Day Two:
Pipe(s)

~20 min

Overview

Questions

  • What is a pipe, and how it works?
  • Which pipes should we know and care about?

Lesson Objectives

To be able to

  • Use the R native pipe (|>) to concatenate functions, knowing that the magrittr one (%\>%) has similar behavior.

Pipes

…, and then…, and then…, and then …, …

Setup overview

We adopted the Tidyverse ecosystem during the course using the tidyverse R package.

library(tidyverse)
── Attaching core tidyverse packages ──────────────────────── tidyverse 2.0.0 ──
✔ dplyr     1.1.4     ✔ readr     2.1.4
✔ forcats   1.0.0     ✔ stringr   1.5.1
✔ ggplot2   3.4.4     ✔ tibble    3.2.1
✔ lubridate 1.9.3     ✔ tidyr     1.3.0
✔ purrr     1.0.2     
── Conflicts ────────────────────────────────────────── tidyverse_conflicts() ──
✖ dplyr::filter() masks stats::filter()
✖ dplyr::lag()    masks stats::lag()
ℹ Use the conflicted package (<http://conflicted.r-lib.org/>) to force all conflicts to become errors

Tip

  • pkg::fun() explicitly tells R the package to look for the function.
  • If multiple packages have functions with the same name, and if the package is not indicated explicitly in the call, the last attached one (i.e., ?libraryed) has the priority (i.e., it masks the others).
  • Using pkg::fun() instead of fun(), you are sure about the function R calls.

Your turn

  1. Put an X next to the correct answer, under section 2.3 Ex10 in the pad.

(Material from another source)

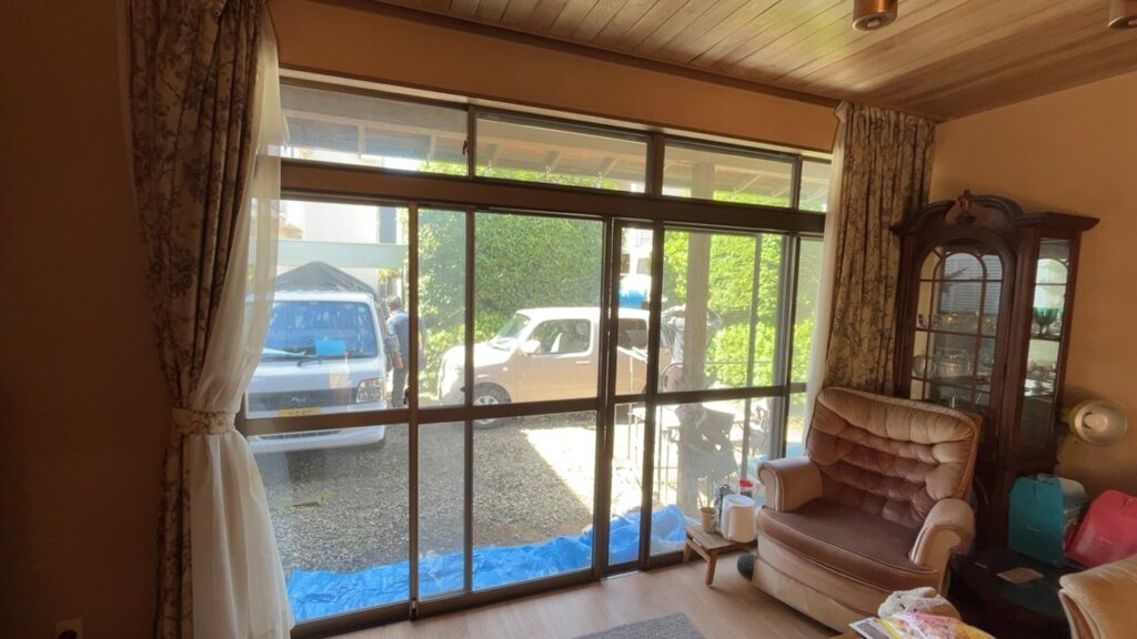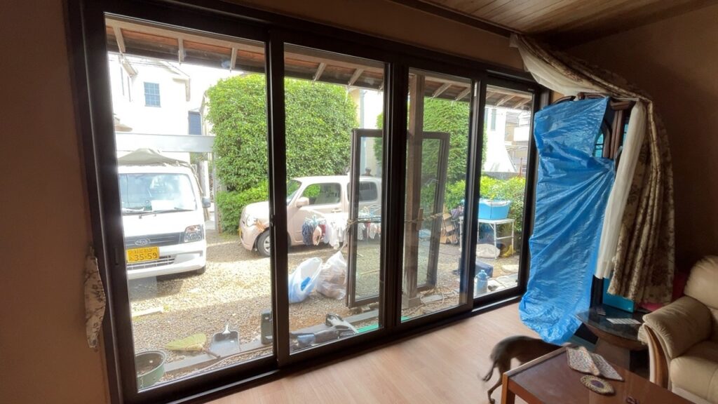 築35年の既存アルミサッシ単層ガラスのテラス戸は、冬場に窓周辺で体感温度が5度以上低下するコールドドラフト現象が発生していました。厚手のカーテンで対策していましたが、光を取り入れたい日中は寒さを我慢するしかない状況でした。アルミフレームからの熱橋効果により、暖房効率が悪く光熱費も高額になっていました。結露も頻繁に発生し、窓際の床が濡れることもありました。家族が集まるリビングなのに、窓際に近づくのを避けがちになっていました。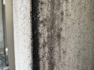 窓下や外壁の凹凸部分などに黒いスジの汚れがある場合、防汚性能の劣化しているサインです。

If you attach only the tidyverse package in a new R session, and you call filter(), which function are you calling?

02:00

Tidyverse convention

One of the advantages of the Tidyverse is that common standards make everything easier to remember, understand (e.g., when reading the code for self or other people), and apply.

Important

  1. Functions are verbs (they do something)
  2. argument and objects are nouns (they are something)
  3. Functions first argument is always data (tibble/data frames)
  4. Output is always data.
  5. Output is always the same type of data (whatever input or option is provided)

Data analyses: a sequence of actions

Import: define a path, and then… read it, and then… initial fixes (e.g., removing empty rows or columns)

Tidying: take the data, and then… separate merged information, and then…, …, and then… reshape the data to tidy them

Transforming: take the data, and then… mutate some variables accordingly to desiderata (e.g., making factors, converting dates, or cleaning text, and then… filter unwanted observations for the current study.

Visualize: take the data, and then… select what to plot, and then… define how to plot, and then… restyle accordingly to desiderata, and then… save it.

Analyse: take the data, and then… reshape it accordingly to the model requirements, and then… fit the model, and then… summarize the model, and then… plot the results

Mental exercise

Suppose you have the following functions:

add <- function(x, y) x + y
multiply_by <- function(x, by) x * by
divide_by_two <- function(x) x / 2

Pretend that it is a difficult problem, and you want to use those functions only to find a trapezoid area with the following data already defined in your R session:

a <- 2
b <- 3
h <- 4

Your Turn

You can type your answer on sec 2.3 Ex.11 in the pad.

Area = \(\frac{a+b}{2}h\)

02:00

Overwrite the result [side-by-side]

res <- add(a, b)
res <- divide_by_two(res)
res <- multiply_by(res, h)
res
[1] 10
  • What if we need to debug this code? If we make mistakes, we’ll need to re-run the complete pipeline from the beginning!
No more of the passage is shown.